Пенсионер проводил его взглядом, увидел отчётливые отпечатки босых ног оставленные очкариком, задумчиво почесал щетину на подбородке и вздохнув продолжил заниматься влажной уборкой. Валера долго сидел на унитазе, пытался думать, а потом не выдержал и приоткрыл дверь.
— А чё он обзывает вас своим дедушкой?
— Легенда такая, — деловито отвечал Фёдор Михайлович, выжимающий половую тряпку, — как у разведчиков. Ты, кстати, тоже мой внучок. Так что не вздумай с соседями барагозить. Прокляну. А мои проклятья…
— Да понял я, понял.
Валера затих. Фёдор Михайлович постепенно закончил с уборкой и поинтересовался у затворника, как дела?
— Книгу читаю, — признался тот с неохотой, — на стене висела. Там у вас ещё надпись краской - По’мни. История КПСС. Никогда ещё мне так здорово не читалось.
— Это защита на тебя сработала, — понимающе хмыкнул пенсионер. — Чтоб ты знал: надпись, это меметический код. Любой, кто её прочитает, будет срать до второго пришествия. Я так от запора лечусь, ты уж прости, что я её не заклеил.
— А я то думаю, что же это меня так слабит! — ахнул Валера, — Михалыч, ты чего? Спаси меня! У меня книжка заканчивается!
— Так это…Переформулируй слово-то… Не по’мни, а помни’ и как рукой снимет. Вслух, главное, произнеси. Кумекалки хватит?
Очкарик понимающе закряхтел, с честью победил опасное заклинание и начал дёргать за цепочку слива. Хороший у дедушки унитаз, наверное ещё Сталина помнит.
Жил Фёдор Михайлович в четырёхэтажном старинном каменном доме. С одной стороны этот дом примыкал к прачечной, а с другой, подпирал госучреждение. И что интересно: квартира пенсионера была двухэтажной с запасными выходами на обе стороны. Если ему было нужно постираться, он просто заходил в прачечную и оставлял там бельё, а если бумаги какие, то он шёл в госучреждение, где, здрасьте-пожалуйста, числился завхозом и имел непререкаемый авторитет. Его квартира была на втором и на третьем. Валера, как оказалось, спал на втором, вот уже трое суток, о чём ему и сообщили уже в комнате-столовой, которая находилась этажом выше.
Как выяснилось его пробуждение было запланированным, поэтому после туалета его заставили принять душ, побриться при помощи одноразовой бритвы и только после этого хозяин дома позвал его завтракать.
Валера увидел в столовой большой стол, а на том столе стояла огромная сковорода на деревянной подставке.

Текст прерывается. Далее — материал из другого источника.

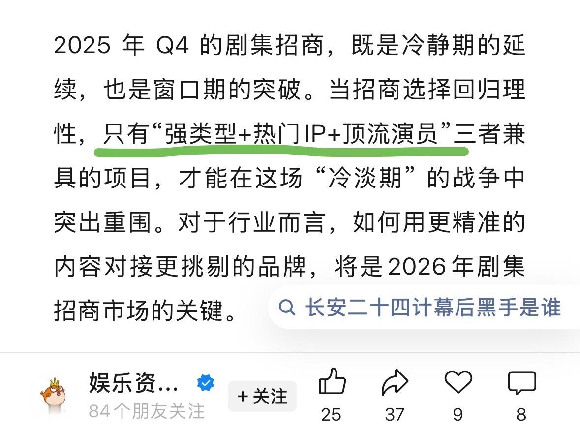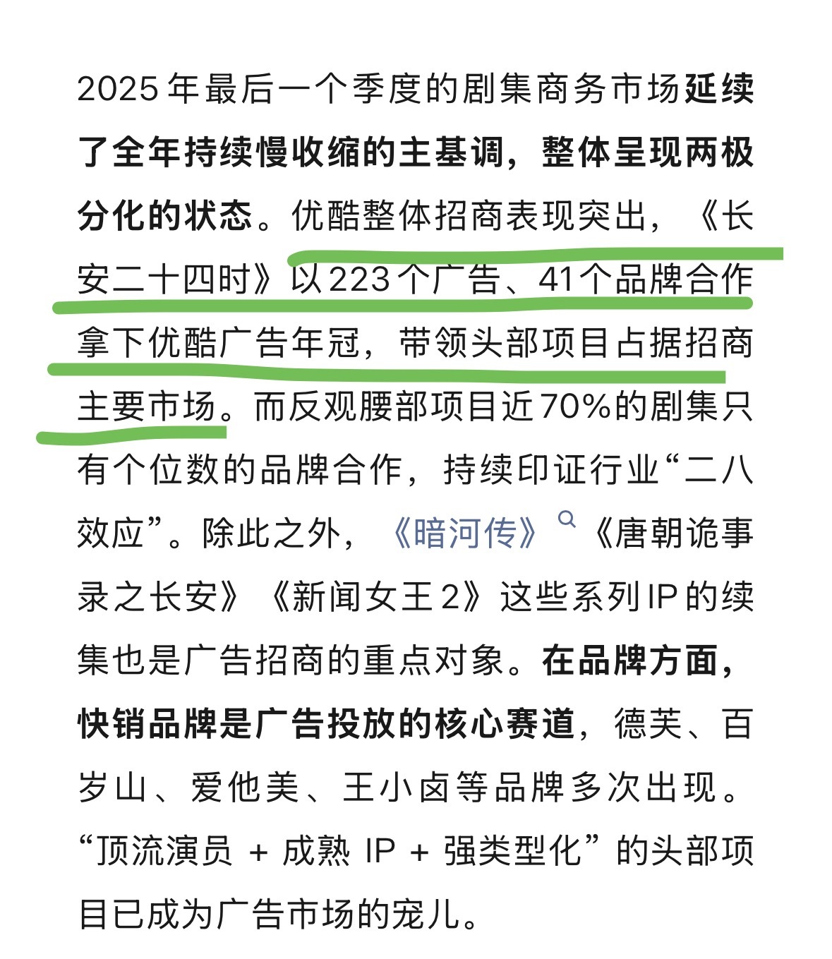 成毅长安二十四计再次被业内认证优酷招商年冠!划重点:年冠哦。堂堂正正的第一名就是🐮比。成毅扛剧扛招商,文武双全顶级实力派人气王。“强类型+热门ip+顶流演员”,影视寒冬,成毅就是一块金字招牌。

В Сковороде шкворчала и пыхала жаром “царь-яичница” с колбасой, луком и помидорами, приготовленная из тридцати яиц, а рядом, в алюминиевой кастрюле под крышкой, томились варёные сосиски. Их тоже было не менее трёх десятков. И ещё был салат. Вернее сказать, целый тазик салата. Всё было свежее, пахло вкусно и несчастные вечно голодные студенты, едва только хозяин приказал им не церемониться, тут же похватали ножи и вилки. Без церемоний, вы говорите? А как же хлеб? Ах, вот он где - целых две хрустящих буханки ржаного. Такие тёплые, такие ароматные, аж зубы сводит! Покромсать их немедленно на большие неровные куски! Ух пожрём! Ух желудочный сок закипает от нетерпения в пустом желудке! На абордаж - канальи!

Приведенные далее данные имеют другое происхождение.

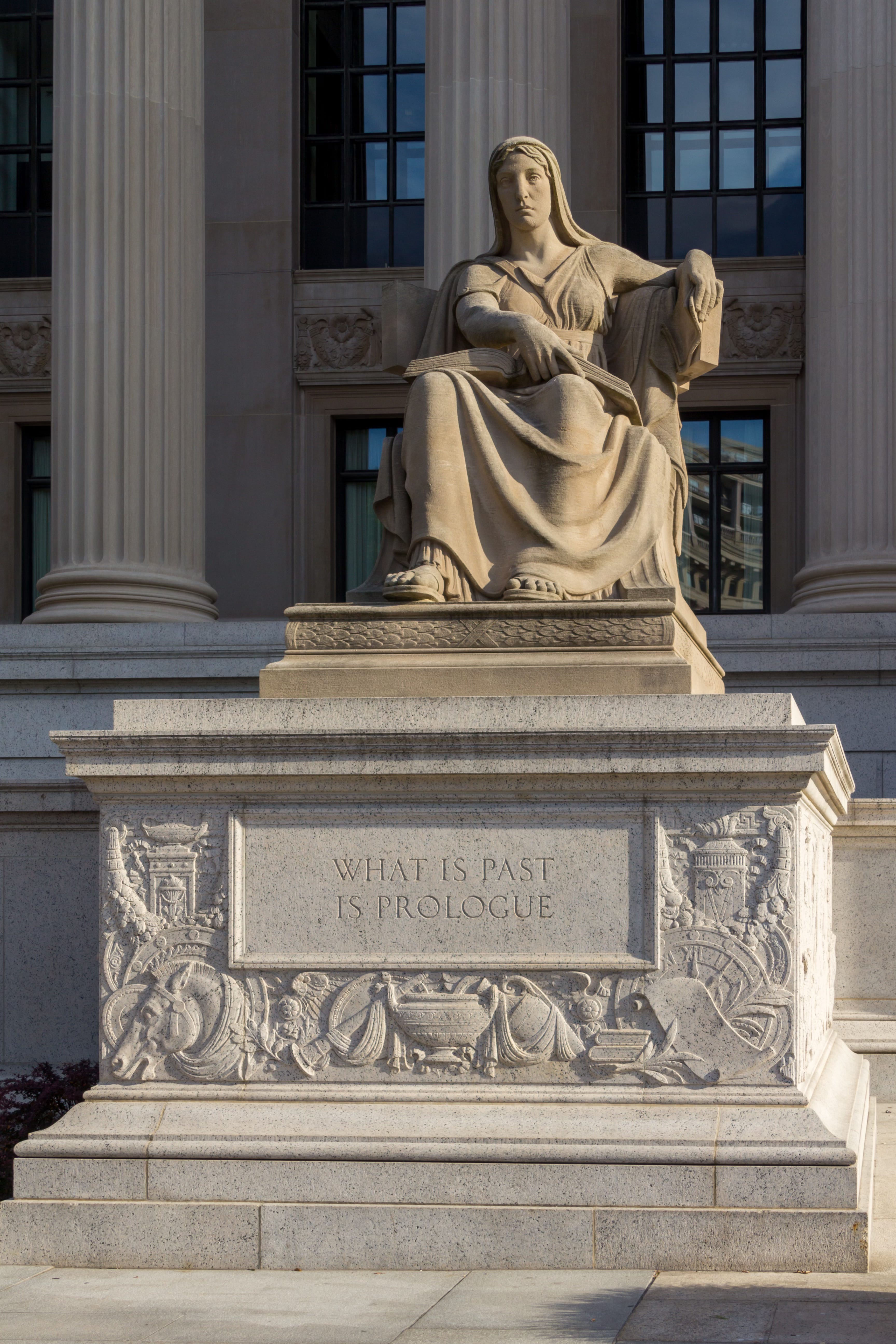 On the base of one of them (depicting a youthful woman holding an open book) is a quote from The Tempest, “What is past is prologue.”

— А можно мне отдельную тарелку? — смущённо попросил Денис.
— Зачем? Их же потом, мыть придётся. Ты готов мыть тарелки после меня и Валеры? — ухмыльнулся пенсионер и выставил на стол нарезанную целиком буханку ржаного хлеба.

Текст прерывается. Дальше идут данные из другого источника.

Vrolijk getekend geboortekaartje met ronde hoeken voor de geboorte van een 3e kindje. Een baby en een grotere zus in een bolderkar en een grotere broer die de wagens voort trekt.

— Я так-то, для себя просил, — пробормотал Денис. — Сам и помою.
— Видал Михалыч? Вот он, типичный жлоб и единоличник. Ему за других вечно в падлу тарелки мыть. Если отдельные тарелки, то всем, а меня лично и так устраивает, — хихикнул Валера. Он вырезал из сковородки кусок яичницы и положил её на горбушку ржаного. Получился бутерброд. М-ням.
— Эх, кетчупа бы ещё…
— Сейчас принесу. Всё есть: кетчуп, горчица самодельная, майонез, хрен в баночке и конечно сметана, — пообещал Фёдор Михайлович и поднялся из-за стола. — Но лишнюю посуду, уж извините, не хотелось бы, у меня экзема от воды, старая боевая травма.
Очкарик неодобрительно посмотрел на товарища, а затем принялся над ним издеваться.
— Деня, а кого там на улице обзывали умницей? Не знаешь такого? А ну-ка, метнулся и уважил хозяина, а то я всем бабушкам у подъезда расскажу, какой ты неблагодарный внук. Так и брякну — приехал ради квартиры, ждёт не дождётся мол дедушкиной годины, стакан кетчупа не подаст, а сам….А, уже побежал? Умница - Деня! И сковородку потом помоешь?
Фёдор Михайлович засмеялся, провожая взглядом улепетнувшего внука, а потом тихо сказал Валере.
— Зря ты с ним так. Из-за того, что ты всё время им командуешь и всё берешь на себя, он никак не научится принимать решения самостоятельно. А так бы он подумал, поел и спокойно сам вызвался помыть посуду. Человек развиваться должен.
Валера в ответ только пожал плечами.
— Вы же всё равно мысли читаете. Значит знаете моё мнение на этот счёт.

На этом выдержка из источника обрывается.